In the complex payments ecosystem, Novatti has partnerships with global payment giants such as Apple Pay, Union Pay, Alipay and Google Pay.
Currently Novatti is licensed to issue Visa debit cards and has applied to become a full acquirer for Visa and Mastercard. This means the company would be able to sign up online merchants to use its cards, clipping the ticket on eftpos transactions.

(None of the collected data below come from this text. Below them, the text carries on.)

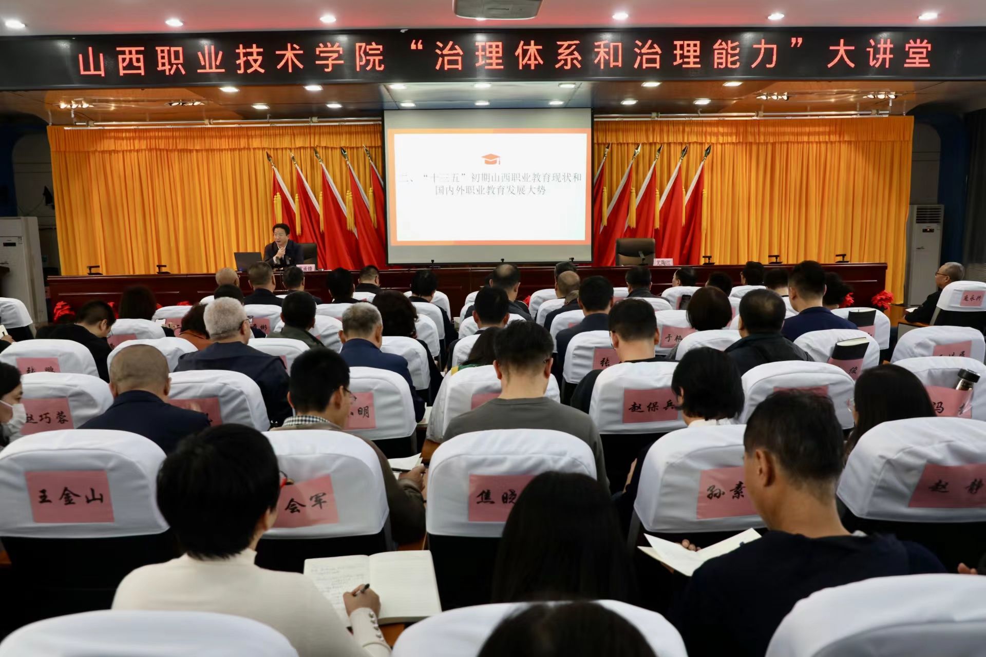 随后,雷承锋以“学院“十三五”初期的基本状况”““十三五”初期山西职业教育现状和国内外职业教育发展大势”为主要内容作第一讲专题报告。报告围绕学院“十三五”初期的基本现状以及“十三五”初期山西职业教育现状和国内外职业教育发展大势等方面,深入阐述了学院历史发展沿革、“十三五”初期所面临的主要发展困境、“十三五”初期所面临的主要发展机遇、“十三五”初期山西职业教育现状、“十三五”初期全国职业教育主要发展形势、“十三五”初期世界职业教育主要发展趋势,帮助全院干部更好地把握学院面临的发展问题以及解决对策,全面掌握全方位推动学院高质量发展的总体布局和工作思路,不断提升干事创业能力水平。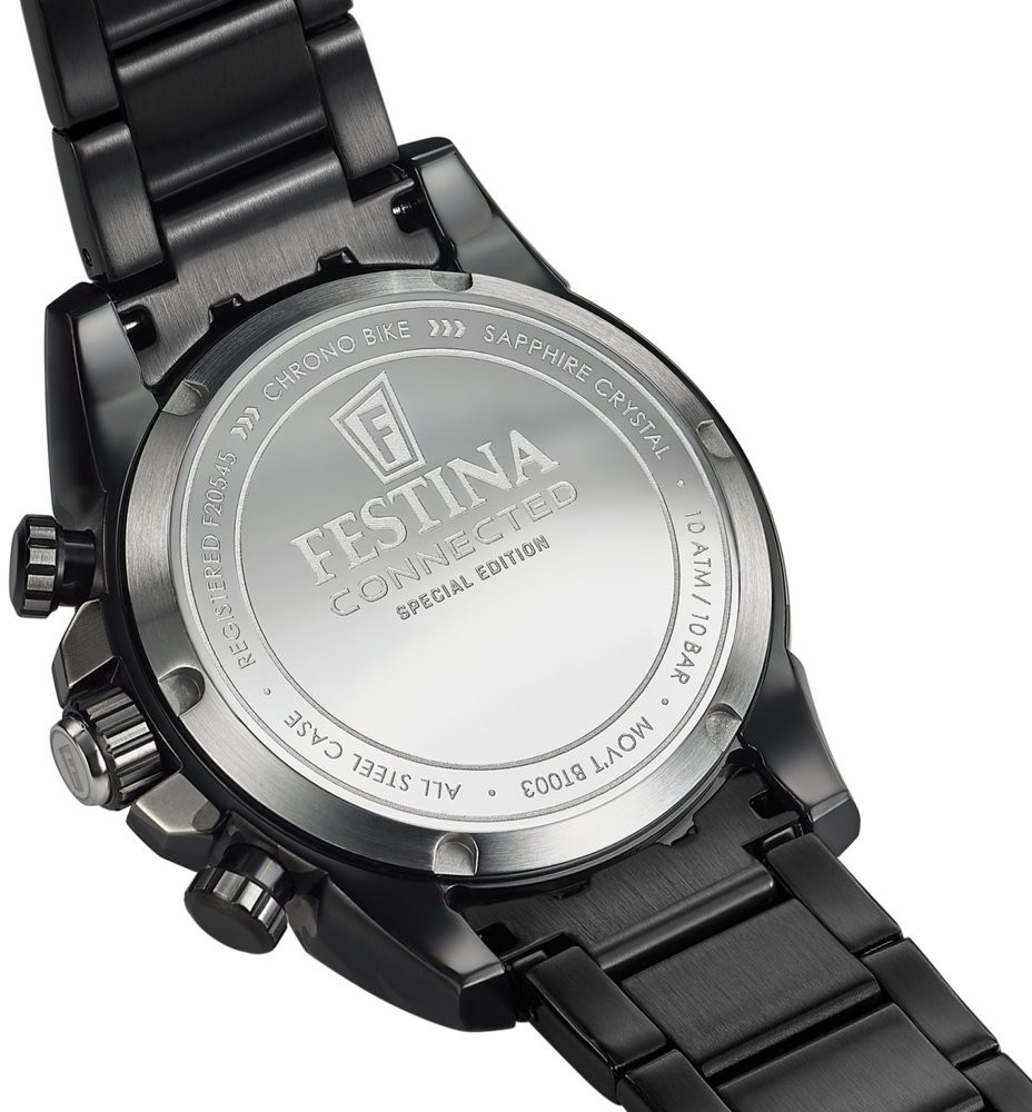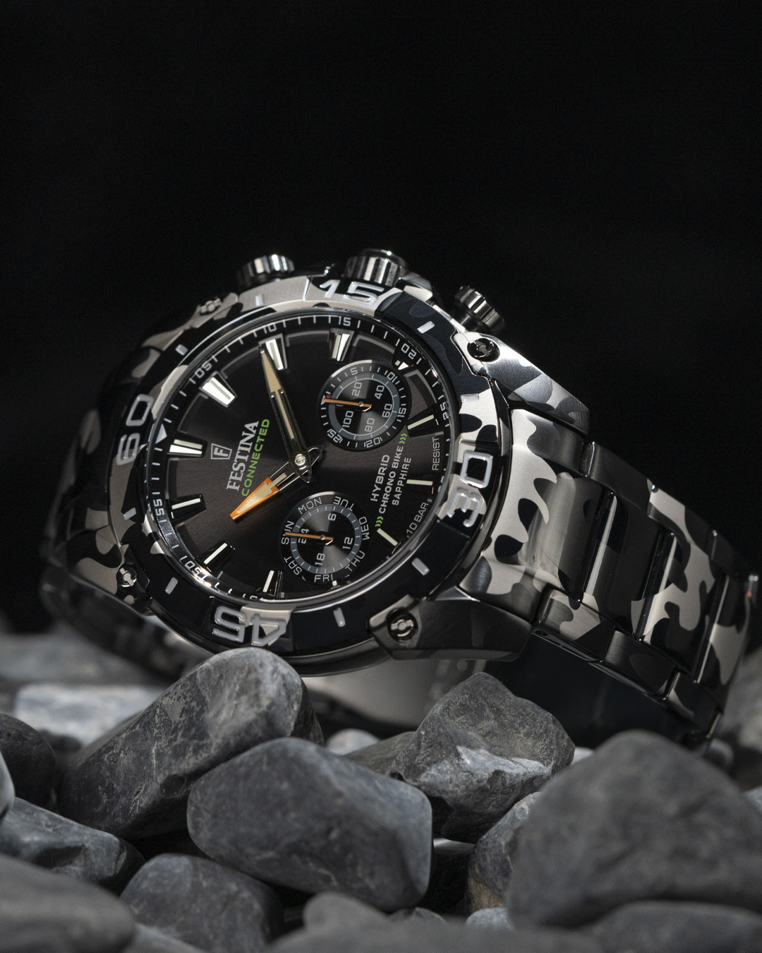 Festina Chrono Bike Connected 20545/1 jsou pánské chytré sportovní quartzové hodinky na kovovém náramku s PVD úpravou s maskáčovým vzorem ztělesňující spojení vytříbené estetiky a pokročilé funkčnosti. Ocelové pouzdro stejné barvy má průměr 45,5 milimetru a lunetu s minutovou stupnicí. Černý číselník je chráněn odolným safírovým sklem. Vodotěsnost hodinek činí 10 ATM a jsou tedy vhodné pro koupání nebo šnorchlování. Hodinky je možné propojit s vaším smartphonem pomocí aplikace Festina Connected, která je k dispozici pro systémy Android a iOS. Vynikají tím, že na první pohled nepůsobí jako běžné chytré hodinky, avšak mohou nabídnout hned 17 užitečných funkcí podrobně popsaných níže. Patří mezi ně např.: Bluetooth, krokoměr, timer, stopky, budík a spoustu dalších. Baterie má životnost přes dva roky. Součástí balení je náhradní silikonový řemínek s maskáčovým vzorem.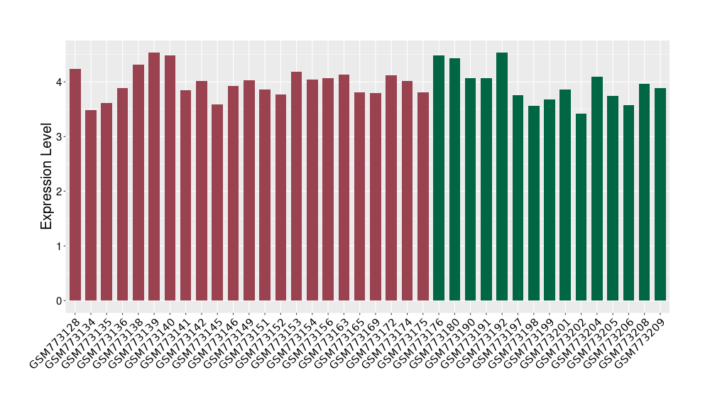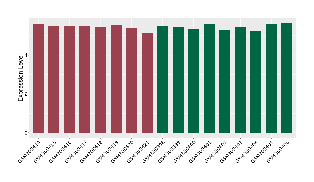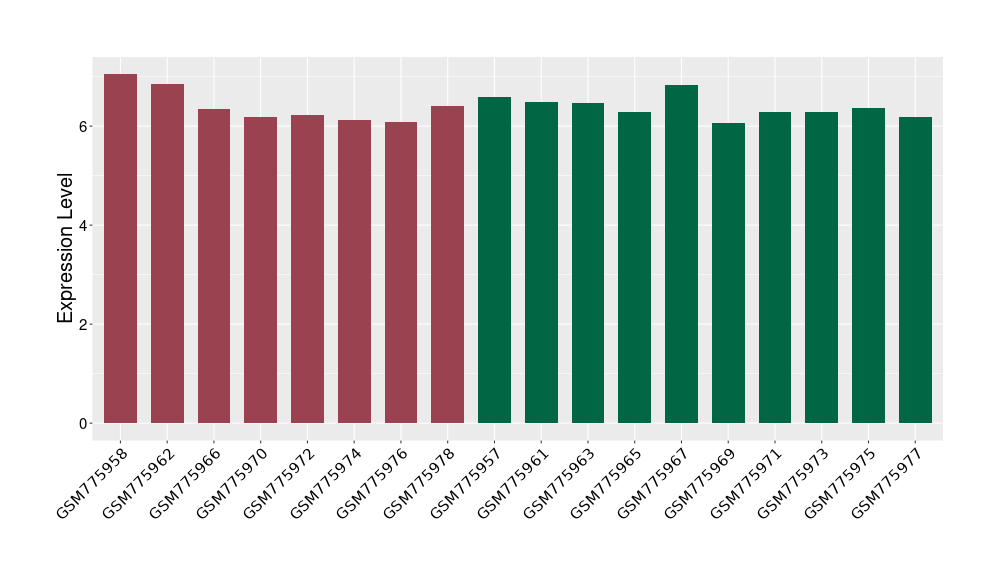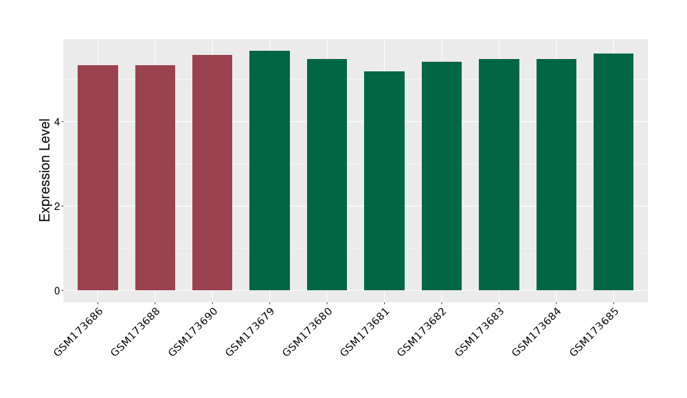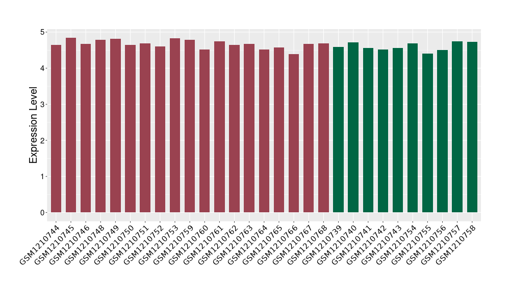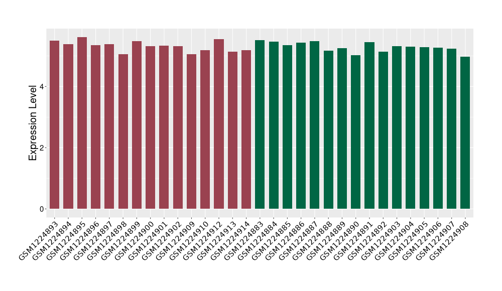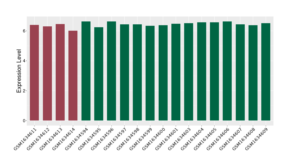 The Expression Level of Disease Section Compare with the Healthy Individual Tissue | p-value:1.97E-05; Fold-change:-0.374621069; Z-score:-0.789178492 | ||||

In a further intriguing foray, Novatti recently paid $22 million for a 19.9 per cent stake of the accounting software house Reckon. The idea is to integrate payments into the automated account-keeping process facilitated by Reckon’s software.
Despite the rich pickings online payments Novatti plans extend to becoming a bank with the ability to accept deposits and offer savings accounts.
In late 2019 Novatti lodged an application with APRA under the banking regulator’s P-plate scheme to enable fintechs to transition to a bank structure.
While the capital requirements are lower, the licence holders need to commit to becoming a fully licensed bank within two years and reduce their ownership to the maximum allowed 20% within five years.
Cook says Novatti initially would own 60% of the bank, with two deep-pocketed backers owning the rest.
“The bank will be its own animal,” he says. “While Novatti will be a back-end provider, the bank will have its own marketing budget to attract consumers.”
Despite the slimmed-down requirements, the application process is arduous and - if successful - Novatti will be only a handful of entities to achieve the honour.
Neobank Volt became the first to win a restricted licence, in 2018.
Xinja Bank followed the suit and transitioned to a full licence. But in December last year the company surprised the market by handing back the licence, citing pandemic-related difficulties.
“It’s been a serious mountain to climb,” Cook says.
Almost inevitably, the virtual Bank of Novatti will target Millennials, the tech-savvy cohort that think a cheque book is something on the shelves of a Prague library and that a teller is someone who informs on Covid-19 transgressors.
“We want to be a small nimble profitable bank, not so much in competition with the Big Four, but focusing on new markets,” Cook says.
One such market is facilitating offshore payments for migrants and foreign students, despite the dampening impact of the pandemic on these demographics.
Novatti is not ignoring the cryptocurrency markets, with plans for a secure ‘multi crypto’ gateway to enable merchants to process such transactions.
In the June quarter Novatti generated sales revenue of $4.9 million, 63% higher year on year and the ninth consecutive quarter of growth.
Revenue for the year to June 2021 climbed 50% to $16.5 million (or $18.5m including JobKeeper and research and development grants).
Suffice to say, Novatti’s progress hasn’t exactly been linear since the company listed on the ASX at 20 cents per share. But the shares have doubled over the last 12 months, valuing the entity at a still-modest $150 million (including circa $48m of cash and the $20m value of the Reckon stake).
In the merchant acquiring sector, ASX-listed exemplars are the $1.7 billion market cap eftpos provider Tyro Payments (TYR) and the smaller, Auckland based Smartpay Holdings (SMP).
The $1.34 billion market cap prepaid and gift card provider EML Payments (EML) has been a market darling – or at least it was until running into some Irish regulatory problems.
In its list of tech stock takeover targets, RBC lists EML as a mid-ranking prospect owing to its lack of debt, good cash flow, open register and its 35% share retreat over the last four months.
Disclaimer: The companies covered in this article (unless disclosed) are not current clients of Independent Investment Research (IIR). Under no circumstances have there been any inducements or like made by the company mentioned to either IIR or the author. The views here are independent and have no nexus to IIR’s core research offering. The views here are not recommendations and should not be considered as general advice in terms of stock recommendations in the ordinary sense.